__Data to process__.
^^^^^^^^
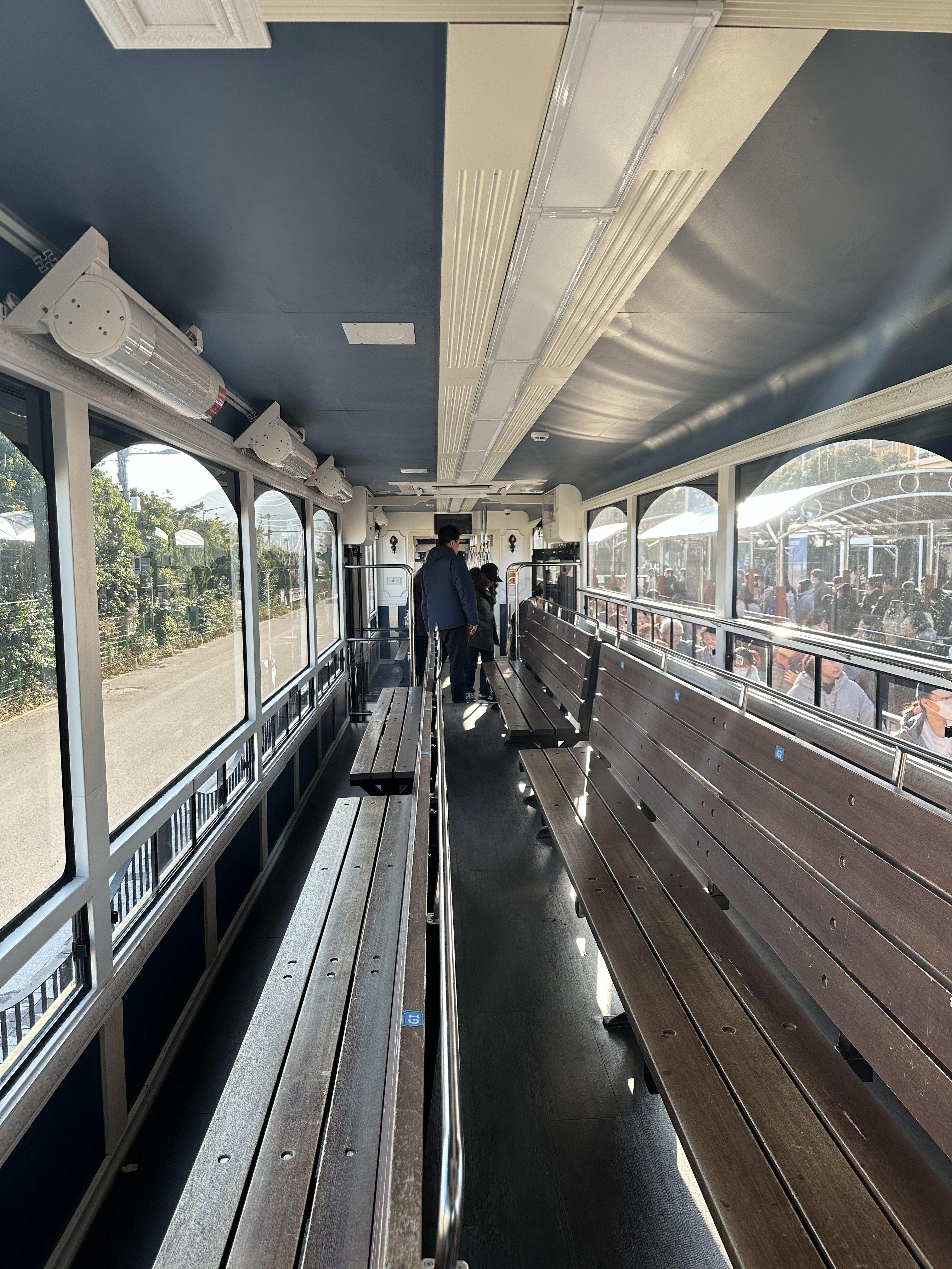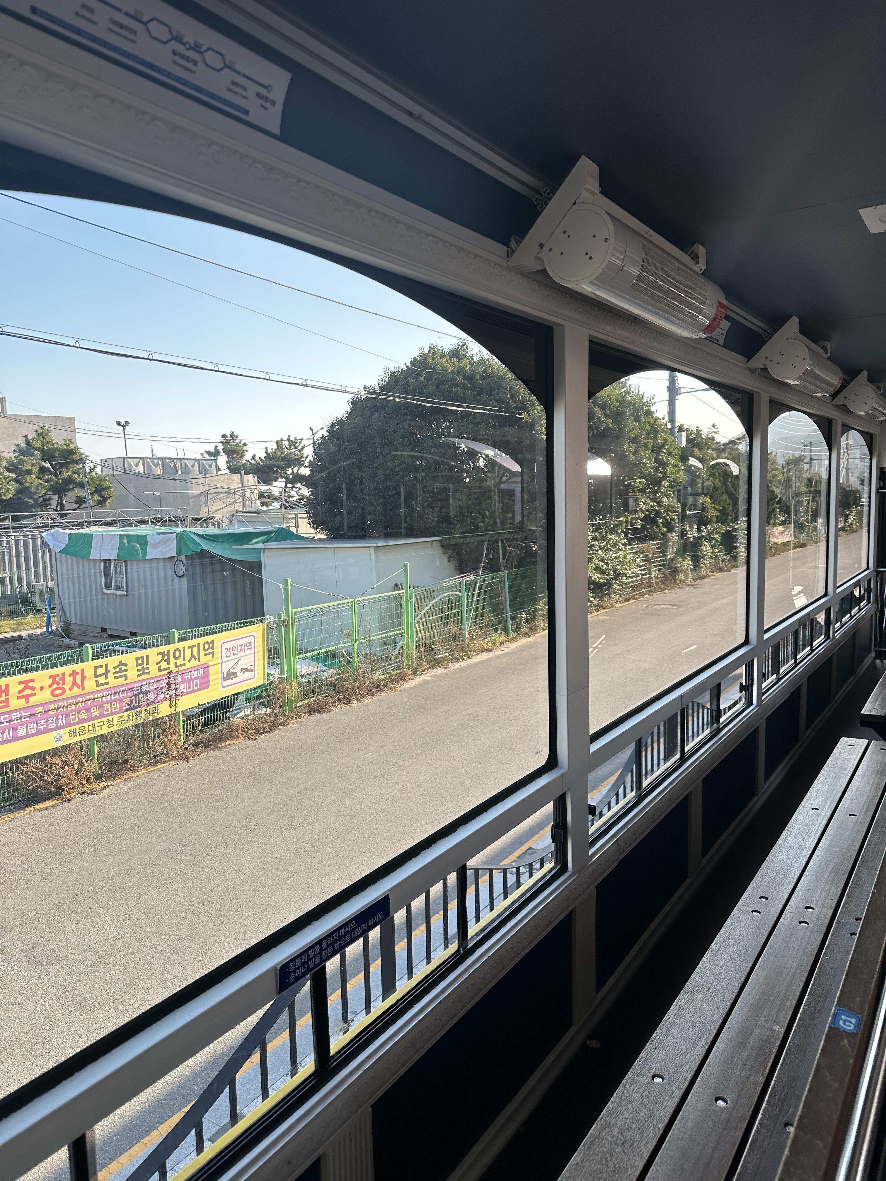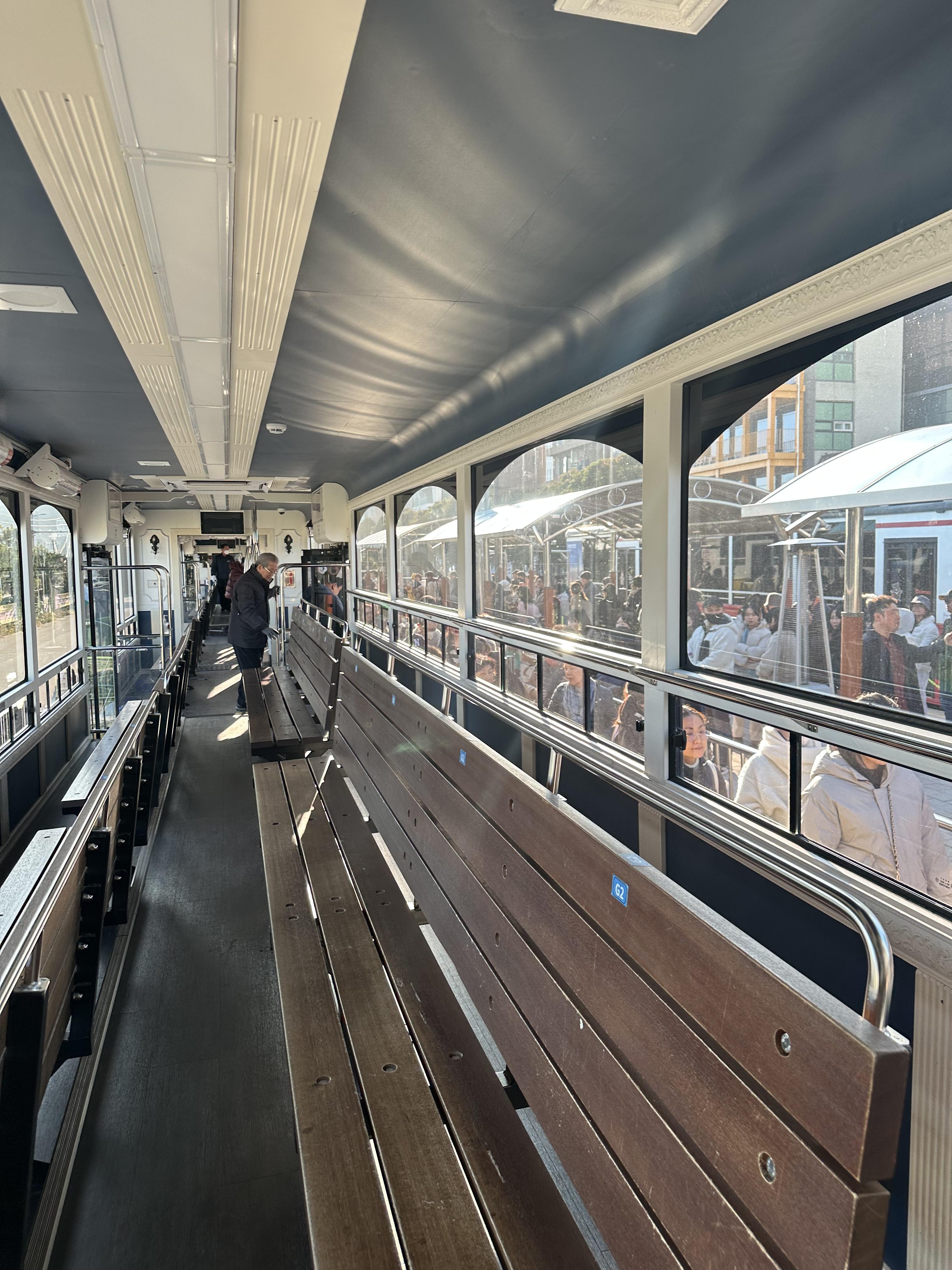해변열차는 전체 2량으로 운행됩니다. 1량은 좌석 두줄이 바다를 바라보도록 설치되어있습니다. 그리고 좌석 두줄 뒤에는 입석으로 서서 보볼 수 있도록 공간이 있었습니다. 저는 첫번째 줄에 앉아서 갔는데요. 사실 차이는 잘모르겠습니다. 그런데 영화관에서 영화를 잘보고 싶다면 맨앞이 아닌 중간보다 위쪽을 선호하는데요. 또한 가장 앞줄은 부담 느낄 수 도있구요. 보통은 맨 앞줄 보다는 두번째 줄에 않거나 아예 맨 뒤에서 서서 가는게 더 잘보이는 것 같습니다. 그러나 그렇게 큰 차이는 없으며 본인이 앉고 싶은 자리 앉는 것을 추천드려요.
^^^^^^^^
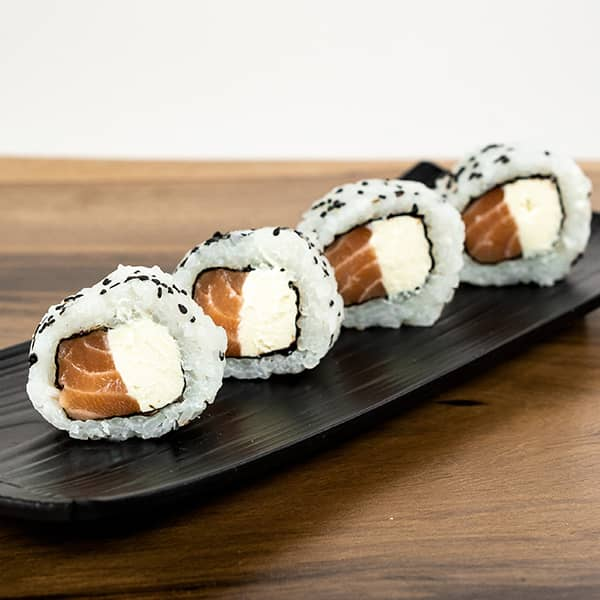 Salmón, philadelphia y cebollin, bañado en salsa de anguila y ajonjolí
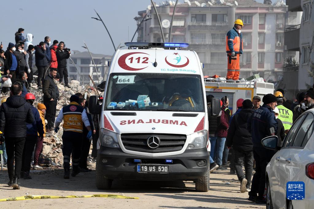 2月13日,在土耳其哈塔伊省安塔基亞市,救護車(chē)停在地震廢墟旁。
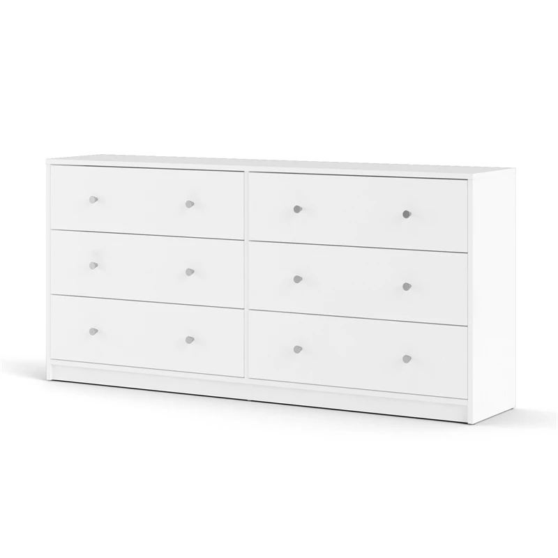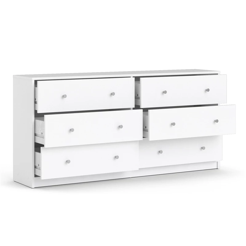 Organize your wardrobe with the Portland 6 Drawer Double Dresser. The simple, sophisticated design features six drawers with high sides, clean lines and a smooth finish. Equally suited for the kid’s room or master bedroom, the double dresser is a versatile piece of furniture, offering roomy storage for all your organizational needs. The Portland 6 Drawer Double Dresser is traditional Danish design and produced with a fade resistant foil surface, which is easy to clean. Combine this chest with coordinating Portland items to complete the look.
^^^^^^^^
In the listing above, find the line with "2月13日,在土耳其哈塔伊省安塔基亞市,救護車(chē)停在地震廢墟旁。" and the line with "Organize your wardrobe". Set down exactly those lines and everything between them, skipping pictures.

 2月13日,在土耳其哈塔伊省安塔基亞市,救護車(chē)停在地震廢墟旁。
 Organize your wardrobe with the Portland 6 Drawer Double Dresser. The simple, sophisticated design features six drawers with high sides, clean lines and a smooth finish. Equally suited for the kid’s room or master bedroom, the double dresser is a versatile piece of furniture, offering roomy storage for all your organizational needs. The Portland 6 Drawer Double Dresser is traditional Danish design and produced with a fade resistant foil surface, which is easy to clean. Combine this chest with coordinating Portland items to complete the look.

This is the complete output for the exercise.